# Invasive grass, need ID/help



## Ruark (Mar 22, 2012)

Can somebody tell me what kind of weed or "grassy weed" this is? I'm sure you've seen it. It grows "flat" with stems radiating out up to 2 feet or longer, then they curve upward into vertical stems sticking straight up 12-18 inches. Sometimes the entire plant can be almost 4 feet wide. About half of our front yard is now consumed by this stuff, and it's spreading rapidly in our pastures. The rest is bermuda.

If you dig it up, it leaves a hole in the ground the size of a salad bowl. Is there any way to control it, or can we at least identify it? These pics were right after mowing it. The center part looks dry and dead, and the radiating stems are green.

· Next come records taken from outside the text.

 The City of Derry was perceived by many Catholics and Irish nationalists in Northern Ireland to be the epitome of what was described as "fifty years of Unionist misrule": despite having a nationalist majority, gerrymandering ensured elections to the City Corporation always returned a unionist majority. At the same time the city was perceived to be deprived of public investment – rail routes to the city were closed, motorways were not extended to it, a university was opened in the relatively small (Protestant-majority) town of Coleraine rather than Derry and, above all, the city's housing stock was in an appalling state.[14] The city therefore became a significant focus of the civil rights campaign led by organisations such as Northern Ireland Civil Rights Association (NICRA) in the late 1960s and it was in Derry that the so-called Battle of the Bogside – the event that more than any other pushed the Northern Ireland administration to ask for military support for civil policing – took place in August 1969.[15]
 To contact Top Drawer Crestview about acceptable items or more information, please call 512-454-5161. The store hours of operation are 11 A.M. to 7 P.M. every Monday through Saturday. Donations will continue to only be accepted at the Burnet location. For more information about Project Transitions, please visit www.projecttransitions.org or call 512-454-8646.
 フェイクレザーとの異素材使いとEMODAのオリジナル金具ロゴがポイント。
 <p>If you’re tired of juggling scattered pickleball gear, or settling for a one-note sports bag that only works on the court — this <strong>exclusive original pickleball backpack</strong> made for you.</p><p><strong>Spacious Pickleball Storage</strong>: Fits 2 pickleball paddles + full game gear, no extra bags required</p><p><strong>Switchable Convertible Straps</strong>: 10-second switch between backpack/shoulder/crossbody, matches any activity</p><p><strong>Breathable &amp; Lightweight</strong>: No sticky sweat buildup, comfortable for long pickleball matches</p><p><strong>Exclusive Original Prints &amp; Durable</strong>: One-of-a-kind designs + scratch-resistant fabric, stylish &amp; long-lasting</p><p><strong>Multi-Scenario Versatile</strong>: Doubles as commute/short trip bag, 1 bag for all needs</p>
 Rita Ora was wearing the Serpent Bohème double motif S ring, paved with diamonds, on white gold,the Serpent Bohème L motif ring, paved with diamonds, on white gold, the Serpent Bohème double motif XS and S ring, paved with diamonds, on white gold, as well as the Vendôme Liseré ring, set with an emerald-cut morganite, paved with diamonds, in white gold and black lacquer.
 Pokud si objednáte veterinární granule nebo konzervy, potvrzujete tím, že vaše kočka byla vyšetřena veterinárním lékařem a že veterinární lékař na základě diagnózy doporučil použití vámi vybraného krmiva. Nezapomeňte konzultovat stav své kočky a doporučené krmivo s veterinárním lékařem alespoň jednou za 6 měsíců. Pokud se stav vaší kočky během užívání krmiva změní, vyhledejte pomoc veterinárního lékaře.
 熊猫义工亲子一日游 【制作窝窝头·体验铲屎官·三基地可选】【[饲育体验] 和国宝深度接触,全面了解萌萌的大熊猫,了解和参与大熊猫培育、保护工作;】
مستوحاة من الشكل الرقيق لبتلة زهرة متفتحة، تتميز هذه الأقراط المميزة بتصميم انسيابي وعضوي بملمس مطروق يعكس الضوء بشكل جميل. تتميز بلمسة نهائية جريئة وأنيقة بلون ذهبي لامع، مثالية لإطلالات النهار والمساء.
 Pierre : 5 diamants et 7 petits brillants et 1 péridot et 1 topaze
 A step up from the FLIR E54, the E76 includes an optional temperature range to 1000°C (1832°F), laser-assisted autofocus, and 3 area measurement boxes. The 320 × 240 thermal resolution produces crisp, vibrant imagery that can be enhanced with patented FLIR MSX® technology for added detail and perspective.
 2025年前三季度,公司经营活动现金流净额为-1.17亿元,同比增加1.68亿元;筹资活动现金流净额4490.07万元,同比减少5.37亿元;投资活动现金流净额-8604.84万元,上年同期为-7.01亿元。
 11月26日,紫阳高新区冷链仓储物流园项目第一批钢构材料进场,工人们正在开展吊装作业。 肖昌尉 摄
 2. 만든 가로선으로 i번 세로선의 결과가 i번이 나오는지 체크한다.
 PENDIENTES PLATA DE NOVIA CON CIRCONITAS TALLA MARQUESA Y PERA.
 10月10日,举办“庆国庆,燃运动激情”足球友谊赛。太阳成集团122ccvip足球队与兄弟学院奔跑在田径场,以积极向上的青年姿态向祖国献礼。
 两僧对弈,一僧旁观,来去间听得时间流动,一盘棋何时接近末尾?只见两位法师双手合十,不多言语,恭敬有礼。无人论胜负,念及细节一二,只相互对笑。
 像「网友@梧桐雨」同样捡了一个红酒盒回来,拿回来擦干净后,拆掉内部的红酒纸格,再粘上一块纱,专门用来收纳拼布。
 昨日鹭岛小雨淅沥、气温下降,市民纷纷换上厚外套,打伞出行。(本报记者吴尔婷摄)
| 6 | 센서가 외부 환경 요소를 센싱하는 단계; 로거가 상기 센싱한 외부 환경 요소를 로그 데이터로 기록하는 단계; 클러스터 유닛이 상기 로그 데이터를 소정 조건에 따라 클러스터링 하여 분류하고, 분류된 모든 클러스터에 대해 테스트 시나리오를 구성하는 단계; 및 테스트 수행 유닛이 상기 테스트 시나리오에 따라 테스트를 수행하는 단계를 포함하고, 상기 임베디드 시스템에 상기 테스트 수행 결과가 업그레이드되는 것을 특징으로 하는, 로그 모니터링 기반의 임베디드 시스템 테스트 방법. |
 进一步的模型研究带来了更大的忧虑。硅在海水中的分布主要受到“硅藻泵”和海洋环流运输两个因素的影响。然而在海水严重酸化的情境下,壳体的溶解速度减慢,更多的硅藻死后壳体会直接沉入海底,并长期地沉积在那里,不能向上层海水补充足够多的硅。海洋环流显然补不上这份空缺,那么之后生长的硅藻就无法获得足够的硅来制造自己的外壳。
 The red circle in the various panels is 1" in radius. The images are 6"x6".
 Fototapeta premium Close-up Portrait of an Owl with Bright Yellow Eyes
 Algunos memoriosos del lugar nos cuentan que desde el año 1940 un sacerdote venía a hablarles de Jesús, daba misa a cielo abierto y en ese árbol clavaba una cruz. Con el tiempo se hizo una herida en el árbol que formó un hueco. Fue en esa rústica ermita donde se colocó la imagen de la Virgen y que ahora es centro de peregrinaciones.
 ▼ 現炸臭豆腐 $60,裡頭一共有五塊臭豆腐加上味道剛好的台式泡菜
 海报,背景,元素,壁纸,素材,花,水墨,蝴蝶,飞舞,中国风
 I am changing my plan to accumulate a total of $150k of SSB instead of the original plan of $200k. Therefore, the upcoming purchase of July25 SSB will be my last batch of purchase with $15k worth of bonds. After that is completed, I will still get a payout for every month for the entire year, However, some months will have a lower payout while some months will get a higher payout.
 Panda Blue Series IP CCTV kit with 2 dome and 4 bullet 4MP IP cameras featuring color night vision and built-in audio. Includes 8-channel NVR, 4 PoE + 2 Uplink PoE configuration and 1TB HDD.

One person said it was "Dallisgrass" but to me Dallisgrass looks sparser - this stuff is really thick. Any help would be greatly appreciated.


----------



## rjmoses (Apr 4, 2010)

Looks like crowsfoot. Where are you located?

Ralph


----------



## Ruark (Mar 22, 2012)

rjmoses said:


> Looks like crowsfoot. Where are you located?
> 
> Ralph


North central Texas, just south of Hamilton. This stuff is very common around here. I checked crowsfoot on Google Images, and it's not this flat.


----------



## Vol (Jul 5, 2009)

Very difficult to say without leaves and stems to help identify......but from looking at the pics it puts me in mind of "barnyard" grass. It usually results from thin stands of desirable grasses....or barren spots.

Regards, Mike


----------



## Ruark (Mar 22, 2012)

Best suggestion so far is that it's King Ranch Bluestem. Bad stuff, no selective herbicides.


----------



## Tx Jim (Jun 30, 2014)

IMHO it's not Dallis grass or King Ranch BS. Photo is KR BS If this is in a Coastal field & it were my field I'd spray 12 oz of glysophate per acre shortly after removing the hay


----------



## kingranchf350 (Dec 13, 2009)

Looks somewhat like goosegrass.


----------